Scientists have used artificial intelligence to "predict" formulas for new designer drugs, with the stated goal of helping to improve their regulation. The AI generated formulas for nearly nine million potential new drugs.
Researchers with the University of British Columbia (UBC) used a deep neural net for the job, teaching it to make up chemical structures of potential new drugs. According to their study, released this week, the computer intelligence fared better at the task than the scientists had expected.
The research team used a database of known designer drugs - synthetic psychoactive substances - to train the AI on their structures. The market for designer drugs is ever-changing, since their manufacturers are constantly tweaking their formulas to circumvent restrictions and produce new "legal" substances, while cracking their structure takes months for law enforcement agencies, the researchers said.
"The vast majority of these designer drugs have never been tested in humans and are completely unregulated. They are a major public-health concern to emergency departments across the world," one of the researchers, UBC medical student Dr.
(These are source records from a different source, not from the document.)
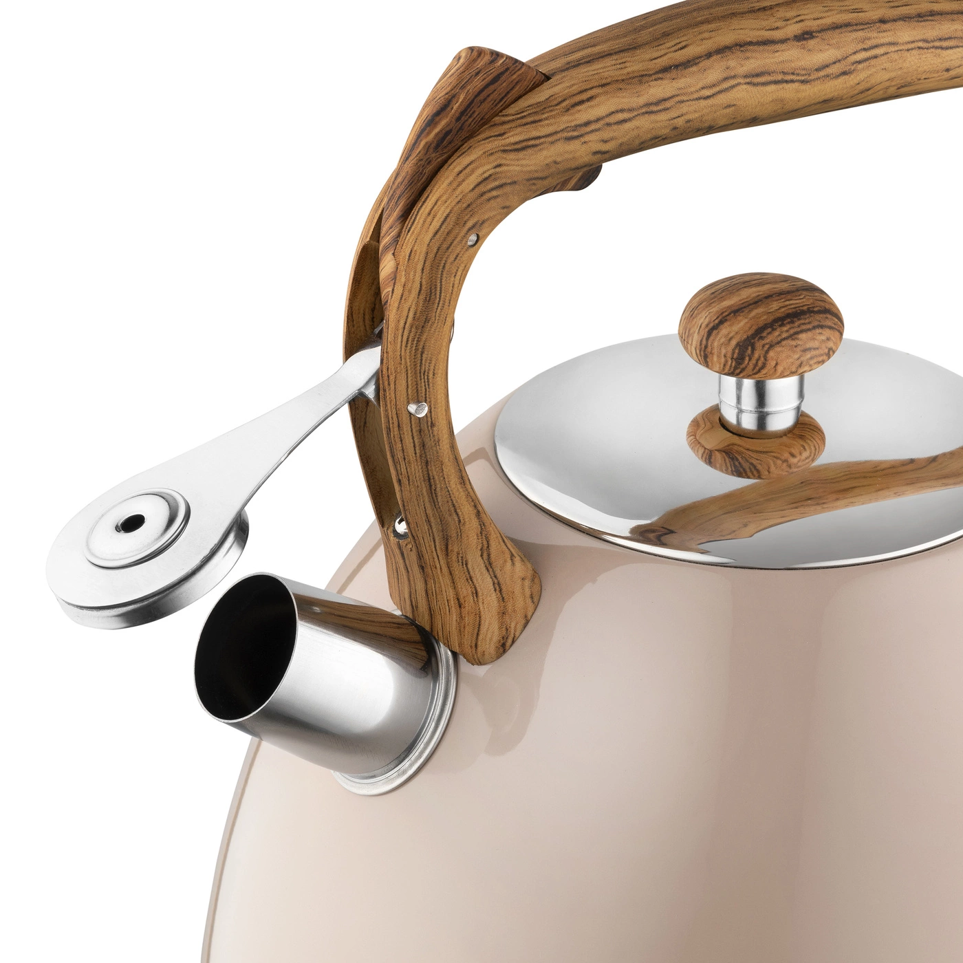 Czajnik przystosowany jest do wszystkich typów kuchenek, nawet do kuchenek indukcyjnych, co czyni z niego uniwersalne rozwiązanie dla domu, bez względu na jego wyposażenie. Zdejmowana pokrywa ułatwia nalewanie wody do czajnika oraz czyszczenie naczynia. Gwizdek automatyczny zwiększa bezpieczeństwo w trakcie użytkowania.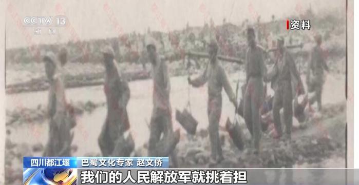巴蜀文化专家 赵文侨:这张图反映的就是在1949年12月的时候,中国人民解放军就进驻到了都江堰。照片里我们的人民解放军挑着担,亲自下场进行了对河道的疏浚的工作。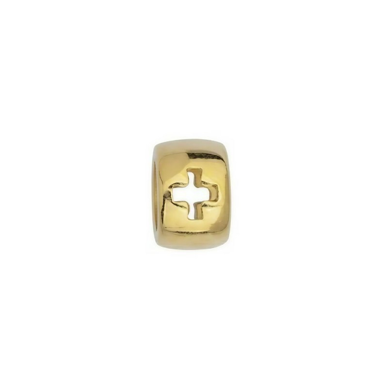 Cuenta donut con cruz calada de 9mm con interior de 6mm en zamak con baño de oro 24k.

Michael Skinnider has said.
After its training, the AI was able to generate some 8.9 million potential designer drugs. Afterwards, researchers ran a data sheet of some 196 new drugs, which had emerged in real life after the model was trained, and found that more than 90% of these have been already predicted by the computer.
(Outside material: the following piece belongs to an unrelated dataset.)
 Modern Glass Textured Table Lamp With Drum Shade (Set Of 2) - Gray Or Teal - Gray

"The fact that we can predict what designer drugs are likely to emerge on the market before they actually appear is a bit like the 2002 sci-fi movie, Minority Report, where foreknowledge about criminal activities about to take place helped significantly reduce crime in a future world," senior author Dr. David Wishart, a professor of computing science at the University of Alberta, has said.
Identifying completely unknown substances remains an issue for the AI, the research team has noted, but they hope it might potentially help with that task, since the computer was also able to predict which formulas of designer drugs were more likely to be created and hit the market. The model "ranked the correct chemical structure of an unidentified designer drug among the top 10 candidates 72 percent of the time," while throwing in spectrometry analysis, which is an easily obtained measurement, bumped the accuracy to some 86%.
"It was shocking to us that the model performed this well, because elucidating entire chemical structures from just an accurate mass measurement is generally thought to be an unsolvable problem," Skinnider stated.